For linear programming type bounds it is sometimes only possible to give effective bounds (that is bounds that work and are manageable) and what is often surprising is that the primitive method often gives in fact optimal bounds.

  The LP problem from McEliece, Rodemich, Rumsey and Welch's paper that is cited in the question requires the auxiliary function $\beta(x)$ satisfy $\beta(j) = 1+ \sum_{k=1}^{n} y_k K_k (j)\leq 0$ for all $j=d,d+1,\dots,n$. The supplied $\beta(x)$ is designed to meet this requirement by making it changing sign at value $a$, so that $\beta(x)\leq 0$ for $x\geq a$. This is the first point. 

The Krawtchouk polynomials already appear in the LP problem, so that there are no questions of why the might appear in the auxiliary function $\beta$, but just to emphasize the importance of the Krawtchouk polynomials, they are used in discrete linear programming problems due to the positive definiteness criterion associated to them, namely that for a polynomial $$f(z)=\sum\limits_{i=0}^{n} a_{i}z^{i}$$ the matrix $$f(d(x,y)),\  x,y\in\mathbb{F}^{n}$$ is non-negative definite if and only if all coefficients $\lambda_{i}$ of the expansion $f(z)=\sum\limits_{i=0}^{n} \lambda_{i} K_{i}(z)$ over Krawtouck polynomials are nonnegative. 

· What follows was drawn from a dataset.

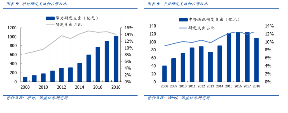 华为、中兴成“风向标”,带动国内自主创新步伐。根据华为 2018 年报,2008-2018 年华为累计研发投入大 4850 亿元。根据欧盟委员会的《2018 年欧盟工业研发投资排名》,华为的研发费用排名全球第五,已超越苹果。2017 年,中兴通讯的研发支出达到 130 亿元,占 A股通信全行业的 39%;2018 年中兴的研发支出占比提升至 13%,进一步蓄力 5G。
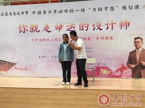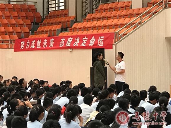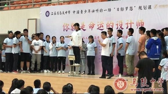 讲座最后,同学们竞相冲上舞台,面向台下的同学大声喊出自己的理想大学,“我是王晶,我要考上清华大学,我要戒掉懒惰!”“我是韩晓海,我以后要考上国防科技大学,我一定会远离游戏、动漫!”“我是沈依婷,我的目标是南京大学,我会坚持努力学习!” ……一声声发自肺腑的呐喊赢得了台下师生雷鸣般的掌声与响应,“加油!加油!加油!”现场氛围一度推向高潮,每个人心中斗志昂扬!

Now, to keep all the coefficients $y_k$ positive as required in the LP program, it makes sense to introduce the square, but in order to preserve the sign change in $\beta(x)$ at $x=a$, one divides by $(a-x)$.

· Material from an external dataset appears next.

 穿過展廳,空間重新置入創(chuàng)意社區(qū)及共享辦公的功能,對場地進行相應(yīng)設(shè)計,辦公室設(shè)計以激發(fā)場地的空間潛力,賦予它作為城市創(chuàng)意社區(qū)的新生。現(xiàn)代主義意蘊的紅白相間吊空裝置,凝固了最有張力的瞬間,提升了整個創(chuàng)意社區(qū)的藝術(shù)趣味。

Finally, the choice of the exact expression inside the square works, because as was noted, the Christoffel-Darboux formula allows for rewriting 

$$K_t(a) K_{t+1}(x) - K_{t+1}(a)K_{t}(x)=\frac{2(a-x)}{t+1}\binom{n}{t}\sum\limits_{k=0}^t \frac{K_{k}(x)K_{k}(a)}{\binom{n}{k}}$$

so that one may check quickly that $\beta(x)$ has expansion coefficients $y_{k}$ in the Krawtouck polynomials non-negative. Optimizing in $a$ and $t$ as noted give the MRRW upper bound $M_{LP}(n,d)\leq \binom{n}{t}\frac{(n+1)^2}{2(t+1)}$.